Kale is the most honest winter vegetable the garden has to offer. While most beds lie empty and brown in November, it stands there strong and green and can be harvested fresh through snow and frost. Hardly any vegetable is so winter-hardy and at the same time so rich in vitamins.
Many myths surround one detail: does kale really need frost to taste good? The short answer is that there is something true in it. This article explains what actually happens with the cold stimulus, and shows how to grow kale from planting to winter harvest.
Why frost makes it sweet
The core of the old gardener's wisdom holds. When it turns cold, the plant converts part of its stored starch into sugar. The sugar acts like an antifreeze and lowers the freezing point in the cells. As a pleasant side effect the leaf then tastes milder and sweeter, less bitter.
The subtlety matters: what is needed is not the one hard frost but sustained cold. Several cool weeks in late autumn are already enough. Modern varieties are bred milder anyway. So you do not have to wait for the first freezing day, but a few cold nights do the flavour good.
Growing: plant early, leave standing long
Kale is a long crop. It is sown from May, the young plants set out in June or July with plenty of space, because the plants grow large and heavy. A firm, nutrient-rich soil and a sunny spot are ideal. As with all cabbages, a thought-through crop rotation helps, so that no cabbage diseases build up in the soil.
Why kale is worth it
- Harvests all winter
A single plant stands from November into March and keeps supplying fresh leaves. No storage needed, you harvest when you cook.
- Grows on from below
Harvest the lower leaves and the plant grows on at the top. That way you crop the same stem for months.

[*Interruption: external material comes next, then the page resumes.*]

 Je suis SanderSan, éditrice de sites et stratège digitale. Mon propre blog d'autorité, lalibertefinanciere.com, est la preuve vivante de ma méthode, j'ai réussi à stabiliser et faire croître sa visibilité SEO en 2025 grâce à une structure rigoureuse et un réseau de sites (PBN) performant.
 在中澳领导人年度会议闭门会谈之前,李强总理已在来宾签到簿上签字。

- Green or red, tall or low
Besides the classic green there are decorative red varieties and low ones that fit a pot too. Red varieties are an eye-catcher as well.
- Robust and easy-care
Once established, kale needs little. Its greatest enemy is not the winter but the cabbage white in summer.
How you grow kale
Sow from May
Sow into a seedbed or pots. Kale germinates reliably and grows briskly into sturdy young plants.
Plant in June or July
Set into firm, nutrient-rich soil 50 centimetres apart. The plants grow large, give them space.

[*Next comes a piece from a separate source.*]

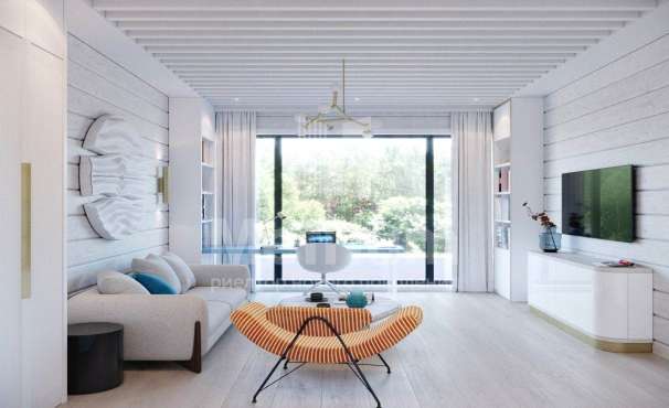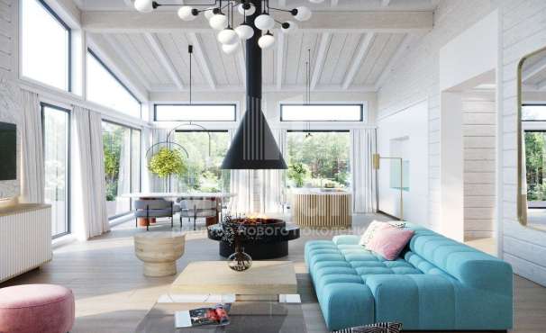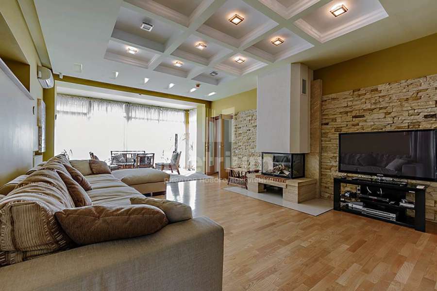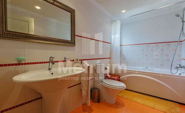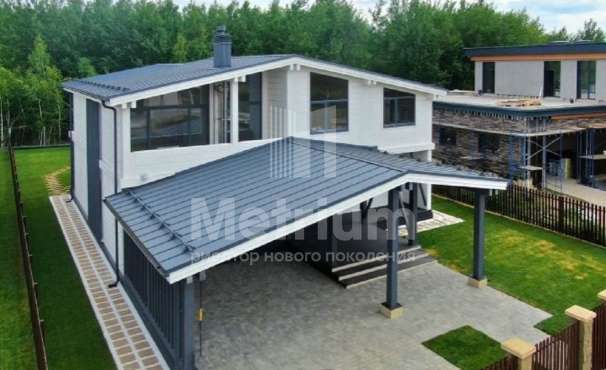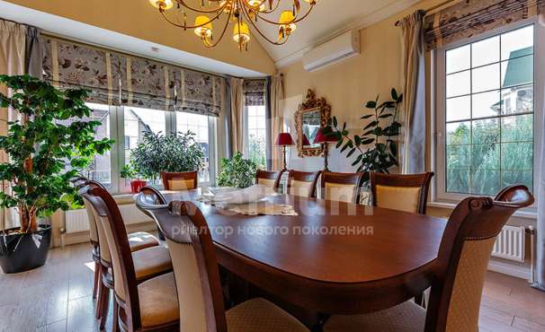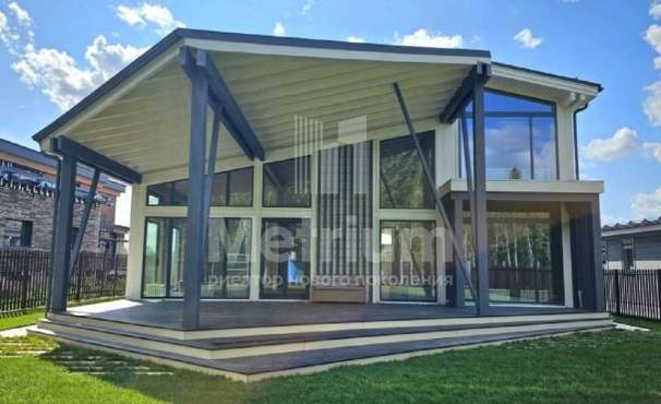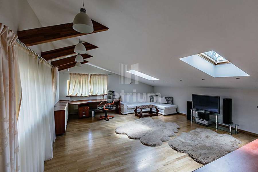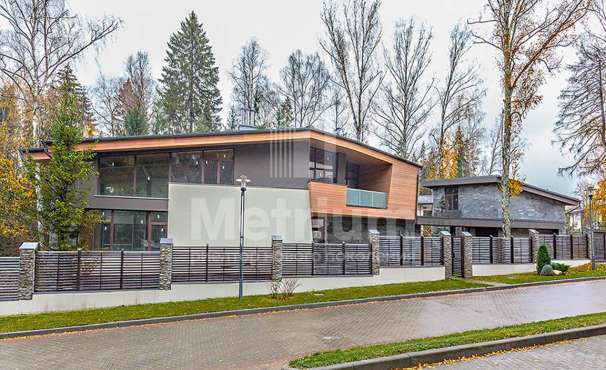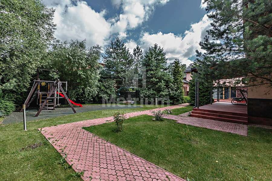 Двухэтажный коттедж в тихом уютном поселке на Новой Риге. На лесном участке находятся: основной дом (350 кв.м), гостевой дом (175 кв.м), две веранды, зона отдыха с BBQ, детская игровая зона.

Protect from the cabbage white in summer
A fine net keeps off the butterflies, whose caterpillars otherwise strip the leaves bare. More on it in Protecting cabbages.
Harvest from November, from below
From the first cool weeks pick the lower leaves. The plant grows on at the top and keeps supplying into March.
Plant early, leave standing long, harvest from below. And a few cold nights make it sweet, all by themselves.
The core rule for kale
Frequently asked questions
Does kale really need frost to taste good?
At heart yes, but not the one hard frost. Cold makes the plant convert starch into sugar, which makes the leaves milder and sweeter. Several cool weeks in late autumn are already enough, and modern varieties are milder anyway.
When do you plant and when harvest kale?
It is sown from May, planted in June or July. It is harvested from November all through winter into March. Kale is a long crop that stands in the bed for months and keeps supplying more.
How do you harvest kale correctly?
From the bottom up and never the whole plant at once. Pick the lower, full-grown leaves and leave the middle standing. From it new leaves keep coming, so you crop the same plant for months.
Is kale winter-hardy?
Yes, kale is one of the most winter-hardy vegetables there is and survives frost and snow easily. You can harvest it fresh from the bed in sub-zero temperatures. Only with deeply frozen leaves better wait until they have thawed again.
Why do my kale leaves get holes in summer?
Those are usually the caterpillars of the cabbage white, the most important pest on kale. A fine protective net over the bed keeps the butterflies off and is the simplest protection. Egg clusters picked off the underside of the leaves help as well.